**Task statement:**
Given the records below, the lines starting at the line with "บราซีล สตูดิโอ งานแฮนด์เมด" and ending at the line with "텍사스 법무장관 켄 팩스턴과" should be output exactly, both end lines kept and pictures left out.

**Data to use:**
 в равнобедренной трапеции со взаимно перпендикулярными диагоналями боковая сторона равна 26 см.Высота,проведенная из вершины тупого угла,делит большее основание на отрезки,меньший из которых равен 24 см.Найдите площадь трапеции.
==
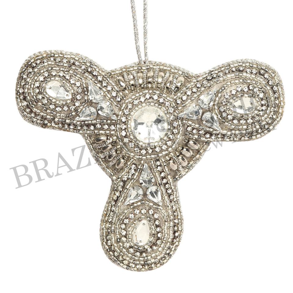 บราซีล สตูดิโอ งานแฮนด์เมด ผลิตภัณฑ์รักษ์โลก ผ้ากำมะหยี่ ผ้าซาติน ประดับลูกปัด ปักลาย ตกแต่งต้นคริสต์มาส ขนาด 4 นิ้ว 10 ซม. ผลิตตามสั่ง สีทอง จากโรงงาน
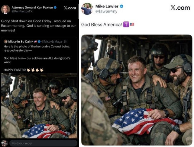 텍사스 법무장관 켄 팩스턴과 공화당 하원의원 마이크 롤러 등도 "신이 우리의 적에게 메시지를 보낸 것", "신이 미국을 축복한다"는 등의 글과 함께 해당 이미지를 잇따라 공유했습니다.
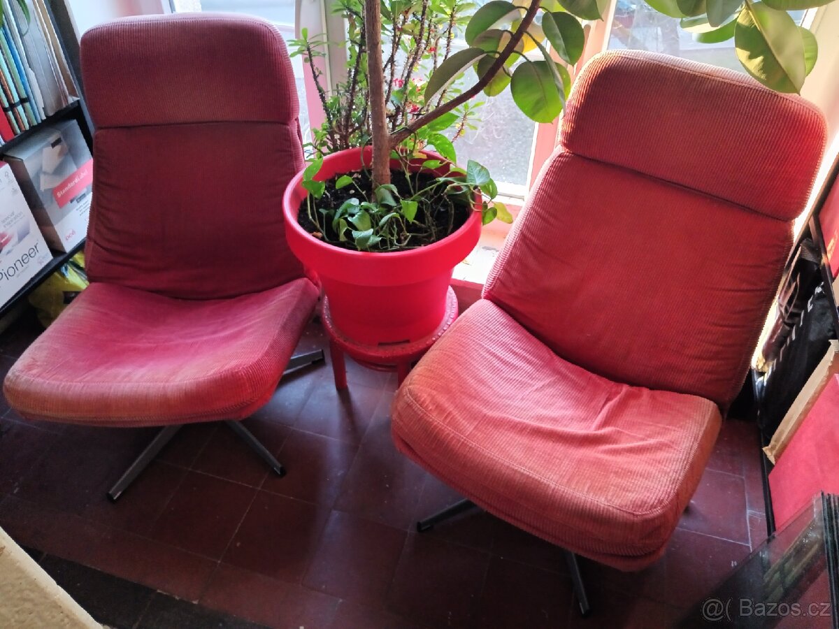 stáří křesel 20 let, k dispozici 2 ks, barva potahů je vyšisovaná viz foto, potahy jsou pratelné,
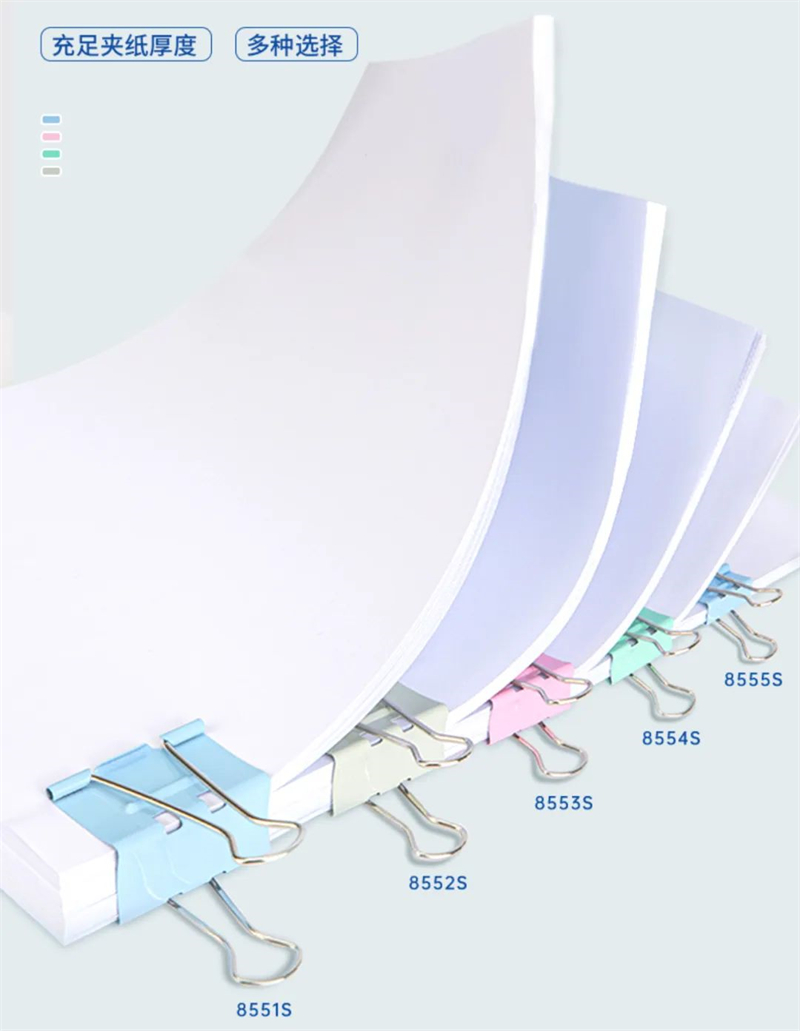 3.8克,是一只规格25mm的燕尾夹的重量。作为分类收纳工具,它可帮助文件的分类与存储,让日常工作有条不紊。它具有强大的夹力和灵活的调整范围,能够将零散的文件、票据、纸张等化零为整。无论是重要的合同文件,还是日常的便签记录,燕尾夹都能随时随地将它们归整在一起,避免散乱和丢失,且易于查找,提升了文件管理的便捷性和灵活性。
--
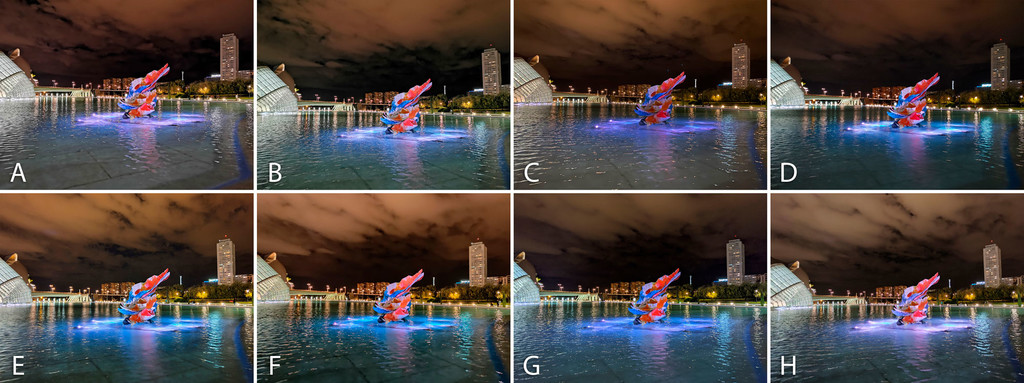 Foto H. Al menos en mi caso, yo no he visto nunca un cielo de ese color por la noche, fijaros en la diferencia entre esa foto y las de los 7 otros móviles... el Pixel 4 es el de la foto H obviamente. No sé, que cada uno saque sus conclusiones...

**Written response:**
 บราซีล สตูดิโอ งานแฮนด์เมด ผลิตภัณฑ์รักษ์โลก ผ้ากำมะหยี่ ผ้าซาติน ประดับลูกปัด ปักลาย ตกแต่งต้นคริสต์มาส ขนาด 4 นิ้ว 10 ซม. ผลิตตามสั่ง สีทอง จากโรงงาน
 텍사스 법무장관 켄 팩스턴과 공화당 하원의원 마이크 롤러 등도 "신이 우리의 적에게 메시지를 보낸 것", "신이 미국을 축복한다"는 등의 글과 함께 해당 이미지를 잇따라 공유했습니다.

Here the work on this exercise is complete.